Writing your own model

A model class can be created to fit any function, or interface with external code.

Overview

A single model is defined by the parameters of the model - stored as sherpa.models.parameter.Parameter instances - and the function that takes the parameter values along with an array of grid values to calculate values of the model. This is packaged together in a class for each model, and instances of this class can then be used to fit data.

Sherpa provides several base classes in sherpa.models.model; the most commonly used ones are:

  • ArithmeticModel is the main base class for deriving user models since it supports combining models (e.g. by addition or multiplication) and a cache to reduce evaluation time at the expense of memory use.

  • ArithmeticConstantModel and modelArithmeticFunctionModel are less general than ArithmeticModel and can be used to represent a constant value or a function.

  • RegriddableModel1D and RegriddableModel2D which build on ArithmeticModel to allow a model to be evaluated on a separate grid and then re-binned or interpolated onto the requested grid.

To define a new model, a new class inherits from one of these base classes and implements an __init__ method that defines the model parameters and a calc method that, given the parameter values and the coordinates at which the model is to be evaluated, returns the model values.

Calculating the model values

Many Sherpa models are set up to work with both integrated and non-integrated data, some might even work with data of different dimensionality. Because of that, the input to the calc method can take several forms:

  • For Data1D data, the input is calc(pars, x, **kwargs)

  • For Data1DInt data, the input is calc(pars, xlo, xhi, **kwargs), where xlo and xhi are the lower and upper bounds of the bins in the independent coordinate.

  • For Data2D data, the input is calc(pars, x0, x1, **kwargs). x0 and x1 are flattened arrays for the two independent coordinates, so they are one-dimensional.

  • For Data2DInt data, the input is calc(pars, x0lo, x1lo, x0hi, x1hi, **kwargs).
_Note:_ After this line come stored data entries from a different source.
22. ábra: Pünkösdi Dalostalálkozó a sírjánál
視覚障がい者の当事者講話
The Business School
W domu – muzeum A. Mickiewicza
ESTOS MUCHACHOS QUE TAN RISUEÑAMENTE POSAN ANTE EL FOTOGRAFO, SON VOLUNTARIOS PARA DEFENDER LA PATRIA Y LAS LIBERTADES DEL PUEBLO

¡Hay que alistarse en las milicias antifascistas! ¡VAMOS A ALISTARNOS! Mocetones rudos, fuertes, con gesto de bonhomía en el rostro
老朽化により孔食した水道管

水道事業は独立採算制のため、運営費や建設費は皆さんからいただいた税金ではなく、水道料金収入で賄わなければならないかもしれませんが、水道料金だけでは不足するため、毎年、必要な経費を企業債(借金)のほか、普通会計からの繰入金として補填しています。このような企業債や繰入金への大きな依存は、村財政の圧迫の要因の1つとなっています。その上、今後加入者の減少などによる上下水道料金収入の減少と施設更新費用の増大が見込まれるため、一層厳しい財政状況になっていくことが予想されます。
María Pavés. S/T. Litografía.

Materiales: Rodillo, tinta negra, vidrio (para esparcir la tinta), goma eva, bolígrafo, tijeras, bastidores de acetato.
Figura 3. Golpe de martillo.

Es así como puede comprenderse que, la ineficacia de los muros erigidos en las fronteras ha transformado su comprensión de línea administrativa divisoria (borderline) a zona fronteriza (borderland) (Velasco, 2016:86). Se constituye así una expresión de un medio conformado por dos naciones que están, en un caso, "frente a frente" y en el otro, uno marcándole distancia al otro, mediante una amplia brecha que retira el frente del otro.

Here, x0lo and x0hi are the lower and upper bounds of the bins in the first coordinate of the independent variable, and x1lo and x1hi are the lower and upper bounds of the bins in the second coordinate.
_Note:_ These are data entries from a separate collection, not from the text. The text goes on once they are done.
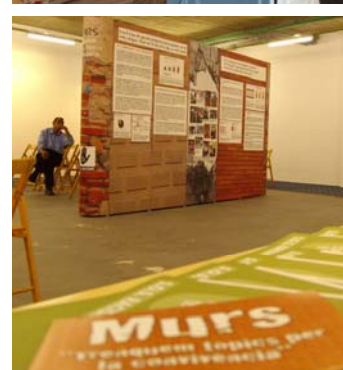
L'exposició a diferents espais.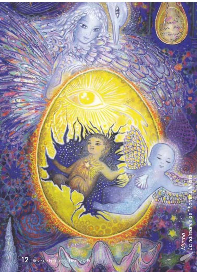
Myrrha La naissance de l'homme libéré

La méthode sympto-thermique est applicable à toutes les femmes et à tout âge de la vie. Pour l'adolescente qui souhaite découvrir l'évolution de ses cycles qui deviendront progressivement ovulatoires, mais non comme moyen de contraception, par manque de maturité et en raison de la montée hormonale fulgurante et difficilement contrôlable. Pour les femmes qui ne souhaitent pas avoir recours aux hormones synthétiques ou aux autres moyens de contraception usuels. Pour les femmes en pré-ménopause en observant la diminution naturelle des signes de fertilité et les modifications physiologiques de leur cycle. On peut appliquer la méthode sympto-thermique que l'on ait des cycles réguliers ou irréguliers étant donné que l'on est dans l'observation et l'interprétation quotidienne et non pas dans la supposition. « Aujourd'hui je suis fertile ou aujourd'hui je ne suis pas fertile ». C'est aussi une belle approche pour les couples en désir d'enfant, afin d'optimiser leur chance de conception, lorsque bébé tarde à venir.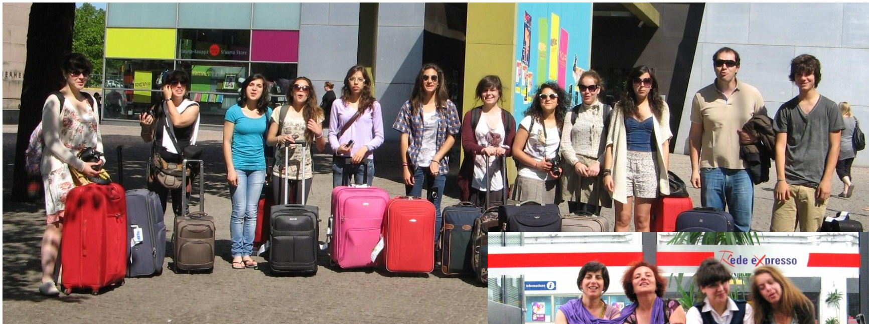
Participantes da Viriato e da Alves Martins na chegada a Helsínquia e no regresso a Lisboa.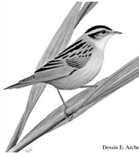
Dessin E. Archer

halte migratoire de 7 jours pour le Phragmite aquatique et le Phragmite des joncs et une durée de 10 jours pour la Rousserolle effarvate et la Gorgebleue. Nos recherches ont permis de situer le site de Donges comme lieu de halte migratoire privilégié au sein de l'estuaire de la Loire.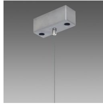
Sospensione semplice Q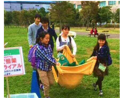
参加型防災体験学習プログラム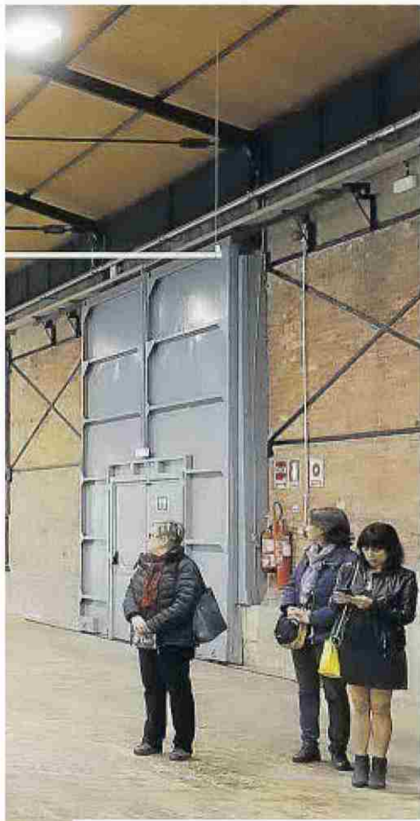
Ayer se inauguró la exposición en el Tinglado 2 del Moll de Costa de Tarragona.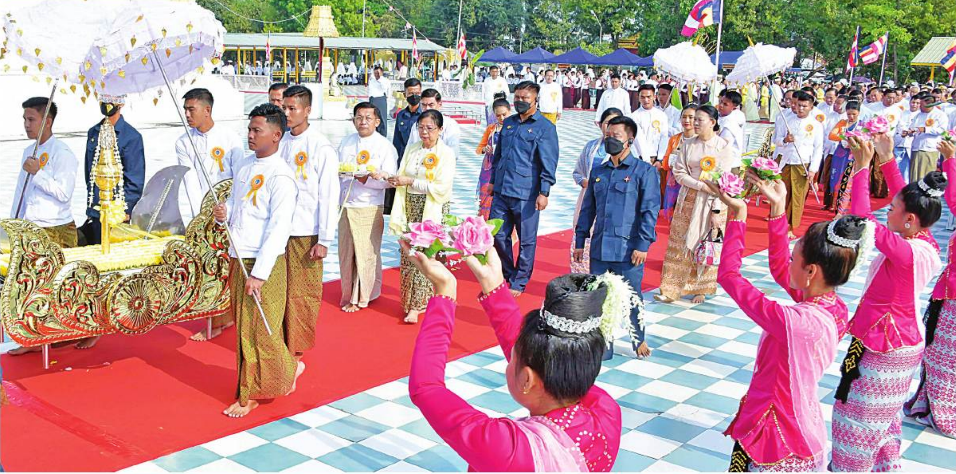
နိုင်ငံတော်စီမံအုပ်ချုပ်ရေးကောင်စီဥက္ကဋ္ဌ နိုင်ငံတော်ဝန်ကြီးချုပ် ဗိုလ်ချုပ်မှူးကြီးမင်းအောင်လှိုင်နှင့် ဇနီး ဒေါ်ကြာကြာလှ၊ အဖွဲ့ဝင်များက ရတနာစိန်ပူးတော်၊ ငှက်မြတ်နားတော်တို့ကို မင်္ဂလာဝေါယာဉ်တော်ဖြင့် ပင့်ဆောင်၍ စေတီတော်မြတ်ကြီးအား လက်ယာရစ်လှည့်လည်ပူဇော်စဉ်။

နေပြည်တော် မတ် ၃၁ ပုဒ္ဓါဘိသေကအနေကဇာတင် မဟာမင်္ဂလာအခမ်းအနားကို ယနေ့နံနက်ပိုင်းတွင် ကျင်းပပြုလုပ်ရာ နိုင်ငံတော်သံယမဟာနာယကအဖွဲ့ တွဲဖက်အကျိုးတော်ဆောင် မင်းပြားမြို့ ပရိယတ္တိဓမ္မိကာရာမစာသင်တိုက်ပဓာနနာယက အဂ္ဂမဟာသဒ္ဓမ္မ ချီးမြှင့်တော်မူကြသည်။ ရခိုင်ပြည်နယ် စစ်တွေမြို့ ကျက်သရေဆောင် လောကနန္ဒာစေတီတော်မြတ်ကြီးအား ရတနာစိန်ပူးတော်၊ ငှက်မြတ်နားတော်တင်လှူပူဇော်ပွဲနှင့် တော်ဆောင် မင်းပြားမြို့ ပရိယတ္တိဓမ္မိကာရာမစာသင်တိုက်ပဓာနနာယက အဂ္ဂမဟာဂန္ထဝါစကပဏ္ဍိတ ဘဒ္ဒန္တကုန္ဒာစရိယ မင်းပြားဆရာတော်ကြီး အဖွဲ့ဖြင့်လှူပူသည့် ရတနာစိန်ပူးတော်၊ ငှက်မြတ်နားတော်အရှင်သူမြတ်များကြွရောက်အဆိုပါအခမ်းအနားသို့ နိုင်ငံတော်စီမံအုပ်ချုပ်ရေးကောင်စီဥက္ကဋ္ဌ နိုင်ငံတော်ဝန်ကြီးချုပ် စာမျက်နှာ ၁၆ ကော်လံ ၁ P။

  • For DataPHA data, the input is calc(pars, xlo, xhi, **kwargs), where x could be given in either energy or wavelength units, depending on the setting of set_analysis.

Sherpa provides other data classes and users can implement their own data classes, that might follow different conventions, but the cases listed above cover the typical use of Sherpa.

In all cases, **kwargs are keywords that the model might accept (this feature is not used by most Sherpa models) and pars is a list of parameter values, in the same order as they are listed in the model instances:

>>> from sherpa.models.basic import Gauss1D
>>> mdl = Gauss1D(name='mygauss')
>>> print([p.fullname for p in mdl.pars])
['mygauss.fwhm', 'mygauss.pos', 'mygauss.ampl']

Often, in Sherpa, we want models to work with both integrated and non-integrated datasets, and thus calc is defined to accept a flexible number of arguments. In the most general form, you can use def calc(self, pars, *args, **kwargs) and the code in calc can branch depending on how long *args. For a 1D model, you can also say def calc(self, pars, x, xhi=None, **kwargs) and then xhi will be None for non-integrated data; the same works similarly for 2D data.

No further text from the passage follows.